2007-07-05

Google, google - save our soils.

There is a lot of computer dictionaries, there is a lot of programs, which easy translate a word when the mouse is moved to it, there is a lot of on-line dictionaries and translators, it's all great and wonderful.

But I'd like to have a list of everything I translate, to see the statistics in order to learn by heart the most often forgotten words after all. May be some flash cards should be formed by them, it seems there is such way of words learning already.

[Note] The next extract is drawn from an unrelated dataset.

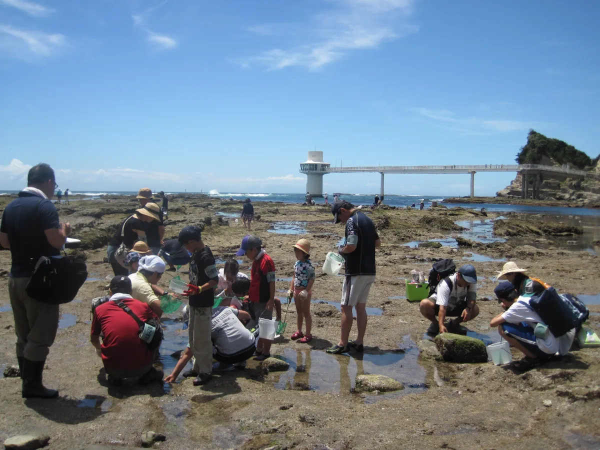 参加者は、潮の引いた浜辺で潮だまりに生息する生き物—カニや貝、魚など—を観察することができます。また、房総半島の海や自然について博物館での展示を通じて学ぶこともできるため学びと楽しみが一体となった貴重な時間です。

I need such web service, I need corresponding script for greasemonkey I need corresponding dictionary for my computer with the necessary possibility of quickly translation a word under the mouse, I need pdf dictionary integrated with a book reader... and so that all this has a common base of made requests.
Is there anything similar?

So far I've created a little script for we, using http://lingvo.yandex.ru. As least, I'll bind a database to it, it will be happiness yet.

The code
#!/usr/bin/env python
# -*- coding: utf-8 -*-
import sys, urllib2, libxslt, libxml2
from html5lib import html5parser

# http://www.dbforums.com/archive/index.php/t-1419974.html
# by John J. Lee
class DumbProxyPasswordMgr:
def __init__(self):
self.user = self.passwd = None
def add_password(self, realm, uri, user, passwd):
self.user = user
self.passwd = passwd
def find_user_password(self, realm, authuri):
return self.user, self.passwd

def word2url(word):
return "http://lingvo.yandex.ru/en?text=%s"%word

def download(url):
proxy= urllib2.ProxyHandler({"http" : "http://proxy:8080"})
proxy_auth_handler = urllib2.ProxyBasicAuthHandler(DumbProxyPasswordMgr ())
proxy_auth_handler.add_password(None, None, 'user', 'password')
opener = urllib2.build_opener(proxy,proxy_auth_handler)
urllib2.install_opener(opener)
src = urllib2.urlopen(url)
return src.read()

def html2xml(src):
p = html5parser.HTMLParser()
doc = p.parse(src,'utf-8')
return doc.toxml()


def decodeYaXML(src):
styledoc = libxml2.parseFile("decode.xslt")
style = libxslt.parseStylesheetDoc(styledoc)
doc = libxml2.parseDoc(src)
result = style.applyStylesheet(doc, None)
content = style.saveResultToString(result)
style.freeStylesheet()
doc.freeDoc()
result.freeDoc()
return content

if __name__ == '__main__':
if len(sys.argv) < 2:
print "usage %s word"%sys.argv[0]
sys.exit()
word = sys.argv[1]
result = decodeYaXML(html2xml(download(word2url(word))))
print result.decode('utf-8','replace').encode('cp866','replace')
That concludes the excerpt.